The present invention is not limited to the illustrated embodiment, but is also suitable for the form of other amateurs such as, for example, fuel injection valves 1 or planar amateurs that open outwards.

Claims (9)

Injection valves having a valve needle 3 which interacts with the valve seat face 6 to form a sealing sheet and an amateur 20 which acts on the valve needle 3, in particular a fuel injection valve device of an internal combustion engine As a valve for the armature 20 is moved coaxially at the valve needle (3) and damped by a damping member (32) made of elastomer, the first intermediate ring between the armature (20) and the damping member (32).
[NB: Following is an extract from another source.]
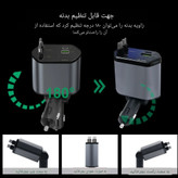 شارژر فندکی خودروی دوکابله جمع شونده 120 وات دارای نمایشگر ولتاژ و محافظ باتری
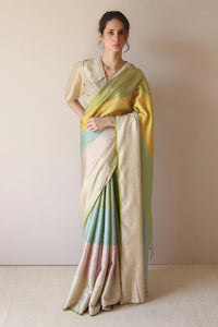 Handwoven in lustrous mulberry silk satin, its multicoloured stripes ripple like time across the body—fluid, radiant, and effortlessly modern.

In the fuel injection valve, 34 is disposed and the damping member 32 is mounted on the flange 31 which is non-positively connected with the valve needle 3, The intermediate ring 34 and / or the flange 31 have at least radial and / or axial channels, which channels an internal volume 36 between the valve needle 3 and the damping member 32. A fuel injection valve characterized in that it is connected to the central recess (42) of the fuel injection valve (1). 2. The fuel injection valve according to claim 1, wherein a second intermediate ring (39) is disposed between the damping member (32) and the flange (31). 3. Fuel injection valve according to claim 2, wherein the second intermediate ring (39) likewise has at least one channel for connecting the internal volume (36) to the central recess (42) of the fuel injection valve (1). 4. A fuel injection valve according to any one of the preceding claims, wherein said at least one channel is embodied in a flange as a radial hole. 4. Fuel injection valve according to any one of the preceding claims, characterized in that the at least one channel is embodied as a radial groove on the outlet side (40) of the first intermediate ring (34). Fuel injection valve according to one of the preceding claims, characterized in that the at least one channel is embodied as a radial groove on the supply side (41) of the second intermediate ring (39). Fuel injection valve according to one of the preceding claims, characterized in that the flange (31) is fixed to the valve needle (3) by segment welding. Fuel according to claim 7, characterized in that the flange (31) is connected to the valve needle (3) by at least two welding segments (37) and the weld portion (37) has a radial angle of about 90 degrees. Injection valve. 9. Fuel injection valve according to claim 8, characterized in that a discharge gap (38) is formed between the welding segments (37).